Fla. lawmakers pass texting-while-driving ban


Students, including Marcus Plowden, 15, participate in the AT&T texting and driving simulator as part of their "Txtng & Drivng...It Can Wait" public awareness campaign, Friday, October 5, 2012 at Gainesville High School in Gainesville, Fla.

Erica Brough / The Gainesville Sun
Published: Thursday, May 2, 2013 at 6:38 p.m.
Last Modified: Thursday, May 2, 2013 at 8:53 p.m.

TALLAHASSEE — A five-year legislative fight to ban texting while driving on Florida roadways ended Thursday when the Senate sent a texting ban (SB 52) to Gov. Rick Scott.

The final 39-1 vote came after a last-minute controversy emerged this week when the House attached an amendment to the bill that critics said could weaken enforcement of the ban.

But on Thursday, Sen. Nancy Detert, R-Venice, sponsor of the Senate measure, agreed to accept the House amendment rather than jeopardize passage of the bill in the session’s final days.

Detert recounted the long effort to pass the measure, with the ban historically stalling in the House, where last year it wasn’t even given a committee hearing.

“I think with one and a half days left of the session, with the history of this bill, I move to concur with the House” amendment, Detert told the Senate.

Earlier this week, the House changed the bill to restrict law enforcement officers from accessing a driver’s wireless device records to only cases in which accidents caused a death or personal injury. Opponents of the amendment said it would make it harder for police to charge motorists with texting violations.

Detert, who didn’t like the late change, told the Senate that the amendment had some merit and “it probably may cover us about any constitutional questions about the invasion of privacy” — in light of the Florida Supreme Court ruling about the need for search warrants to obtain cellphone records.

But while Detert had reservations about the amendment, she credited House Speaker Will Weatherford, R-Wesley Chapel, for letting the texting bill — sponsored by Reps. Doug Holder, R-Venice, and Ray Pilon, R-Sarasota in the House — be heard in House committees and on the floor.

“For first time ever they have a speaker over there that allowed the members to speak on this bill,” Detert said. “That was the good news. The bad news was I didn’t like what they said.”

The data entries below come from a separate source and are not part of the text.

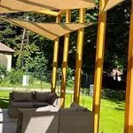 Questo luogo comprende una zona pranzo all'aperto con un bollitore elettrico, un frigo e un forno. L'aeroporto di Hévíz-Balaton dista 70 km da questa villa con 2 camere da letto. Potrai rilassarti sulla terrazza e ammirare la vista sul giardino.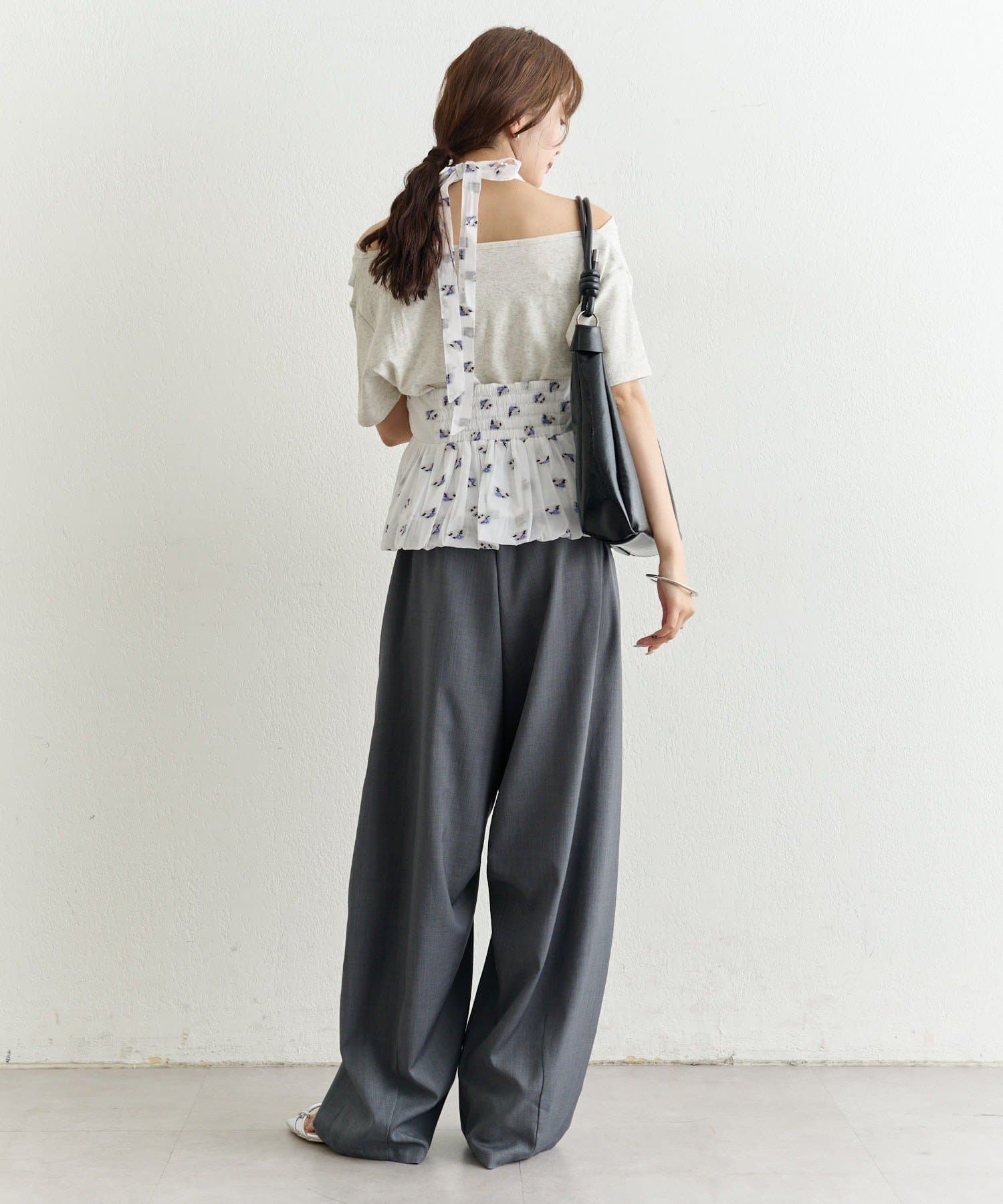 ・ウエスト切り替えから広がるペプラムシルエットが、スタイルアップ効果も◎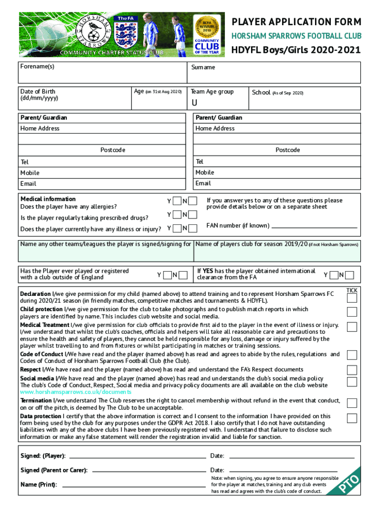 Get, Create, Make and Sign player application form hdyfl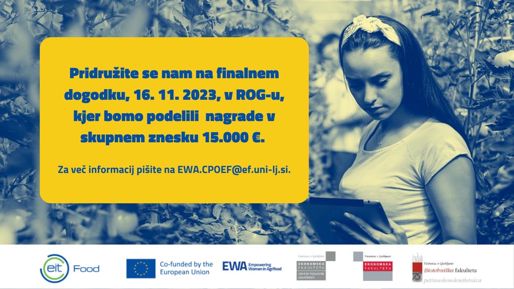 Pridružite se nam na finalnem dogodku, 16. novembra 2023, v centru ROG, na katerem bomo podelili nagrade v skupni vrednosti 15.000 €. Za več informacij pišite na: EWA.CPOEF@ef.uni-lj.si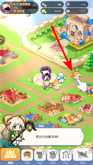 2、在城堡的場景中,我們需要點(diǎn)擊目標(biāo)怪物如圖中的蘑菇怪觸發(fā)挑戰(zhàn)流程,這是開啟戰(zhàn)斗玩法的核心操作,選定怪物后即可進(jìn)入挑戰(zhàn)環(huán)節(jié),推進(jìn)進(jìn)度的同時積累資源。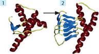 Іл. 10. Форма пріонів: 1 — нормальна форма білка; 2 — аномальна форма білка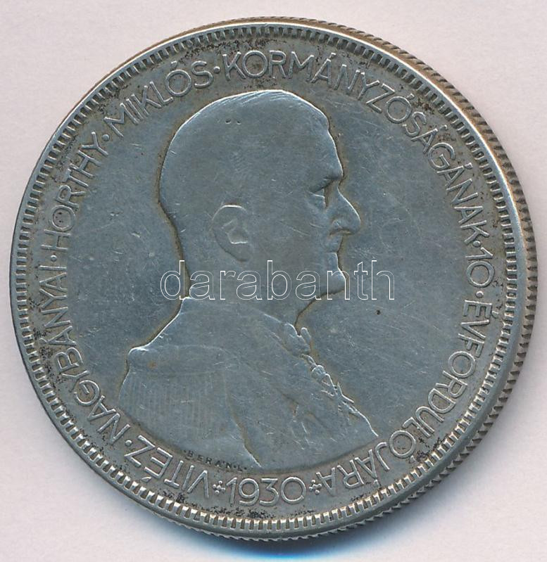 https://www.darabanth.com/en/272-Online-auction/272.0/Numismatics/Hungarian-coins-and-coins-with-Hungarian-mint-marks~300008/1930-5P-Ag-Horthy-jobbra-T3--Adamo-P8~II1388347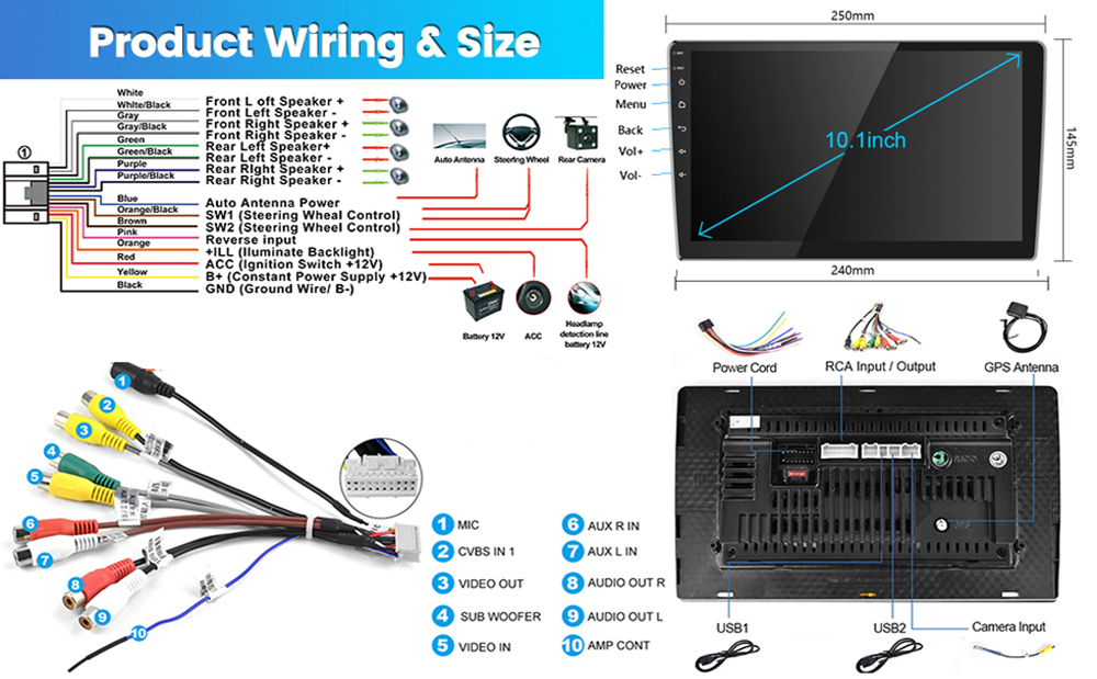 - Built-in FM with 18 preset stations, you can listen to real-time traffic, news broadcasts and weather forecast with this car radio.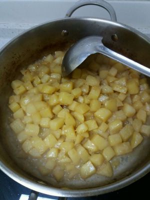把土豆切成小块,热锅凉油,把香葱爆一下味,然后倒入土豆块(切完之后用水冲洗一下,洗掉一部分淀粉,防止粘锅),炒个一分钟左右,倒入排骨汤,然后炖就行啦!排骨汤收汁了土豆还没熟怎么办?倒点水,继续炖!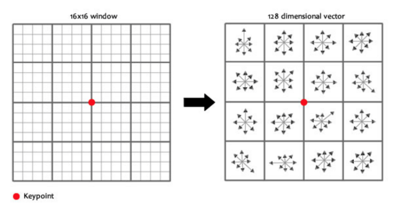 지금까지 keypoint들을 결정하기 위해 여러 가지 절차를 진행했습니다. 이제 이 keypoint들을 식별하기 위한 fingerprint(지문)과 같은 특별한 정보를 부여해주어야 합니다. 아래의 그림처럼 keypoint를 중심으로 16x16 크기의 윈도우를 세팅하고, 이 윈도우를 4x4의 크기를 가진 16개의 작은 윈도우로 구성합니다.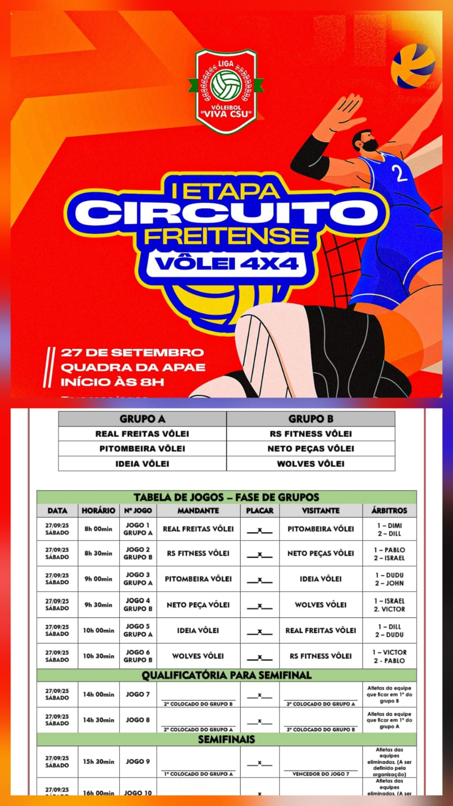 A Liga Vôleibol “Viva CSU”, realizará neste sábado dia 27 de setembro de 2025, (sábado), a I Etapa Circuito Freitense de Vôlei 4X4. O inicio dos jogos está previsto para as 08:00 horas da manhã, com entrada franca.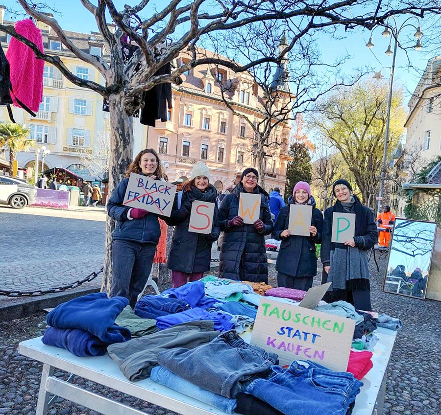 Als bewusstes Gegenmodell zum sogenannten Black Friday, findet auf dem Bozner Pfarrplatz sowie mobil in der Innenstadt die Kleidertauschparty der Grünen. Zahlreiche Menschen nutzen die Gelegenheit, gut erhaltene Kleidung kostenlos zu tauschen und damit eine praktische, günstige und nachhaltige Alternative zum Neukauf zu wählen.
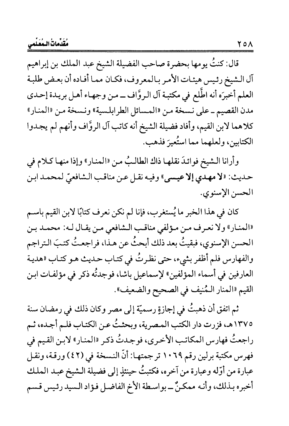 ثم اتفق أن ذهبتُ في إجازةٍ رسميّة إلى مصر وكان ذلك في رمضان سنة ١٣٧٥ هـ، فزرت دار الكتب المصرية، وبحثتُ عن الكتاب فلم أجده، ثم راجعتُ فهارس المكاتب الأخرى، فوجدتُ ذكر "المنار" لابن القيم في فهرس مكتبة برلين رقم ١٠٦٩ ترجمتها: أنّ النسخة في (٤٢) ورقة، ونقل عبارة من أوّله وعبارة من آخره، فكتبتُ حينئذٍ إلى فضيلة الشيخ عبد الملك أخبره بذلك، وأنه ممكنٌ ــ بواسطة الأخ الفاضل فؤاد السيد رئيس قسم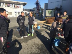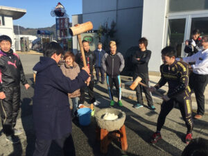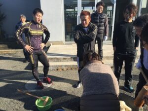 川口選手も若手選手に負けじと餅つき開始(^^)さすがに競輪選手はパワーが違います。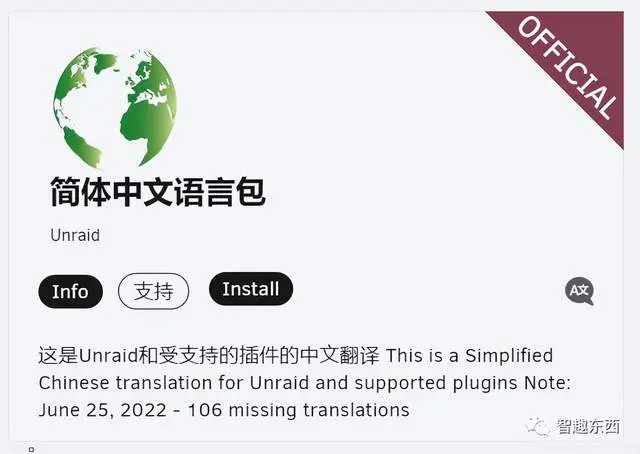 加载磁盘后,我们就可以进一步操作了——面对全英文界面可能很多人还是不习惯,我们可以进一步将其切换为中文版本。在UNRAID主界面点击“PLUGINS”,然后在“Install Plugin”中填写如下地址:https://gitee.com/BlueBuger/community.applications/raw/master/plugins/community.applications.plg,并点击后面的“INSTALL”按钮安装。

Sen. Tom Lee, R-Brandon, a former Senate president, said Detert made the right call in not removing the House amendment and sending the bill back with a day left in the 60-day session.

“I know this isn’t exactly what she wanted when she started out,” Lee said. “But I think it is a mature and sophisticated legislator that knows when they are jeopardizing something on the bounce on the 59th day.”

Sen. Darren Soto, D-Orlando, criticized the House for amending the bill.

“It’s just a shame that the House is playing politics here with such an important issue,” Soto said. “This was something that everybody agreed on. And we send it over there, and they bring it back in a way that dilutes it down.”

Under the bill, texting while driving will be a secondary non-moving violation, meaning motorists would have to be stopped for another reason before they are charged with a violation. First-time violators would face a $30 fine, plus court costs.

Detert said there is still ample opportunity for law enforcement officers to charge motorists with the violations since they can pull them over for erratic driving and then add the texting violation. “This amendment doesn’t really stop the officer from writing that ticket,” Detert said.

Detert said passage of the bill reflects the philosophy that is encapsulated on a sign in her legislative office: “Don’t let the perfect get in the way of the possible.”

“This bill is still a good bill,” Detert said.

If Scott signs the bill as expected, Detert said Florida will join the overwhelming majority of states that have made it illegal to text and drive for “the first time ever.” Detert and the other bill sponsors have said that will be a particularly important message for younger drivers.

“Now it’s against the law,” she said. “I’m happy about that.”